Design and Implementation of an XSL-T and XML-based Workflow System
ABSTRACT
Distribution of information and processes has become a prerogative of increased interest in workflow systems. With the new standards XML and XSL-T for processing information new paradigms for the architecture of such systems have emerged. The prototypical implementation of the "Workspaces" model that is to be presented in this paper relies heavily on XML and XSL-T for the encoding and generation of all of its defining and working data. The Intermediate data is generated from the XML sources using XSL-T.
Workflows in the Workspaces system are defined as XML documents that comply with a workflow definition DTD. This DTD has been derived from the Workflow Process Definition Language (WPDL) as proposed by the Workflow Management Coalition (WfMC) in its Process Definition Interchange Process Model (Interface 1). the individual running workflow instance is considered to be a sequence of document transforming steps that can be automatic or user-based. Steps are also used for coordination within the workflow instance. The generation as well as the coordination of the individual steps from this workflow definition are handled by XSL-T scripts. These scripts extract and merge all the required data from the different relevant XML sources which are potentially distributed.

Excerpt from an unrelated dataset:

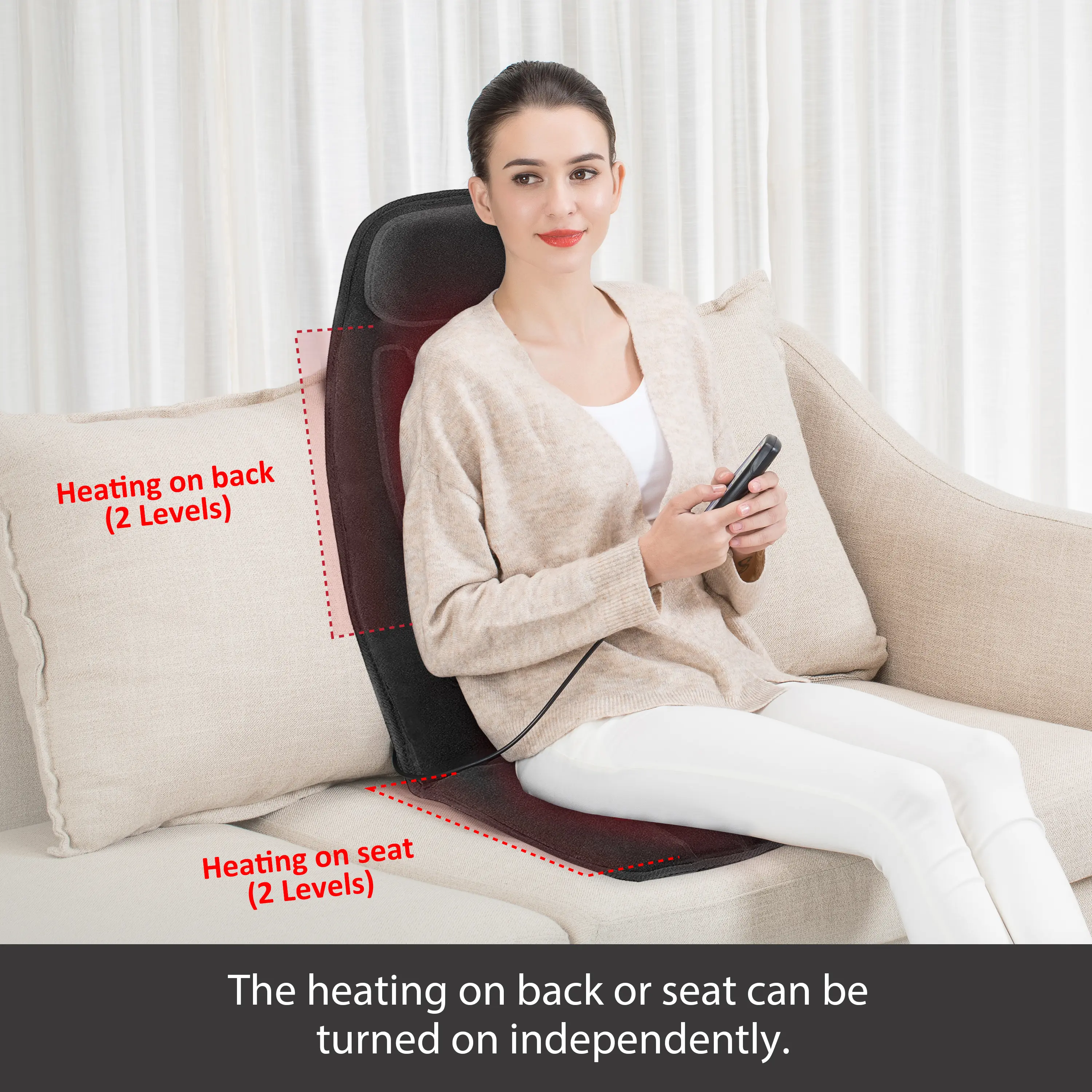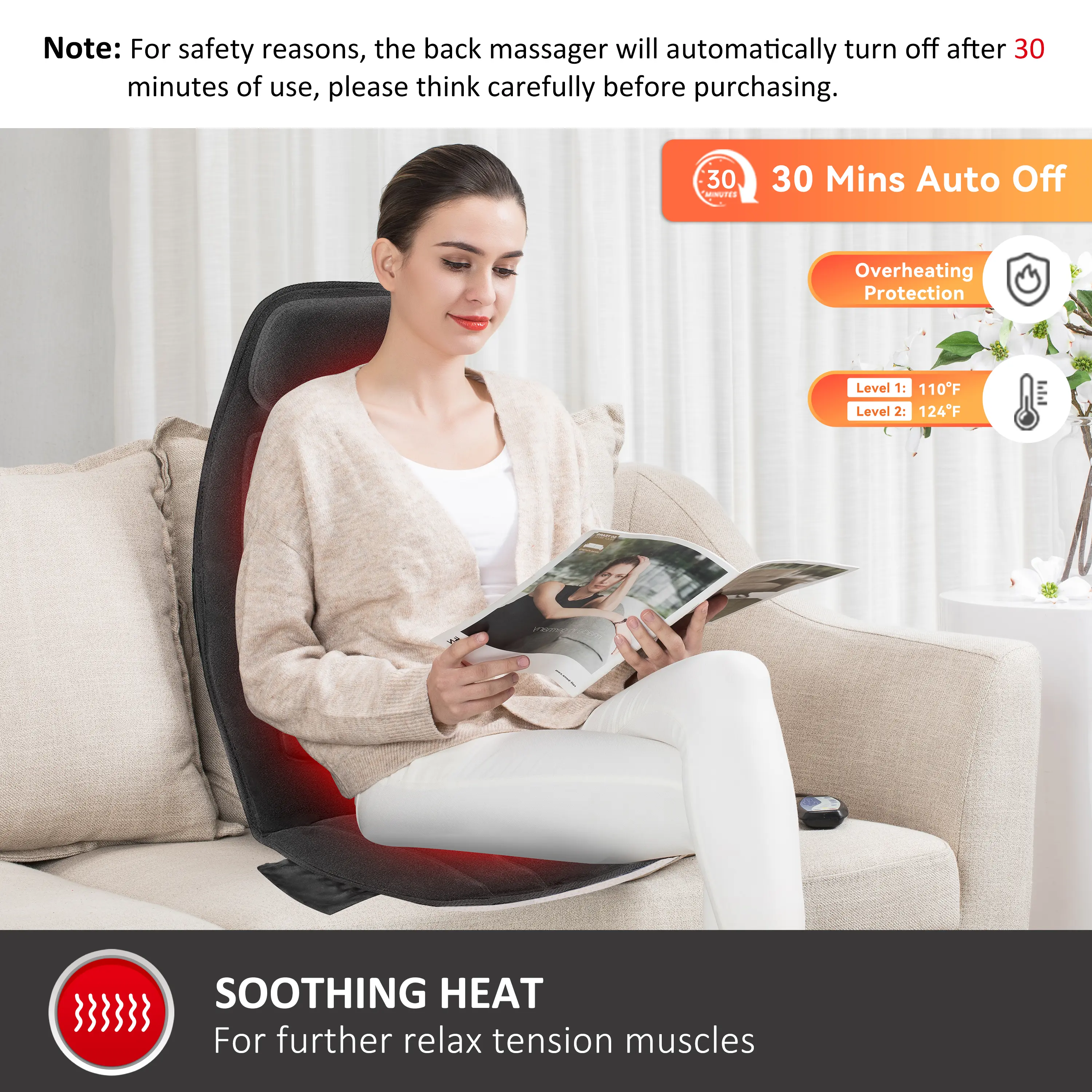 ·Vibration Massage:The back massager with 10 powerful vibrating motors (8 spots for back and 2 for thighs ) and heat function, provides a soothing gentle massage for the back, thighs to help relieve stress, tension. A PERFECT GIFT for Mother's day, Father's day, or birthday gift Christmas gift for your loved ones.

The execution of the scripts and the processing of the results has been embedded in a Java-based Workspaces-engine that offers a hardware independent GUI. Given the decentralized nature of the Workspaces engines, the system not only offers possibilities for the distribution of information but also more interestingly for the distribution of processes.
Table of Contents
1. Introduction
Integration of workflow management systems within Internet technologies has taken place to a certain limited extent during the last years. Distributed, ubiquitous documents placed in the world wide web representing the level of integration that has been achieved. However the traditional language of the net - HTML - will clearly be replaced in the near future by the much more powerful XML standard. Through the use of this standard the structure of information is regarded to be fundamentally independent of its presentation. Moreover with XSL-T a powerful standardized tool for the transformation of this type of information has been made available. Hence new possibilities of distributed information processing, especially for workflow management systems, emerge.
In the following we will present the architecture as well as the prototypical implementation of the Workspaces workflow model that was first proposed in [Tol00a] and [Tol00b]. In the Workspaces system data of workflow instances is processed along the lines of these new paradigms, and moreover the definition of the workflows themselves is structured and processed according to the standards of XML and XSL-T. This paper will show how the use of the new standards supports heterogeneous, distributed organizations.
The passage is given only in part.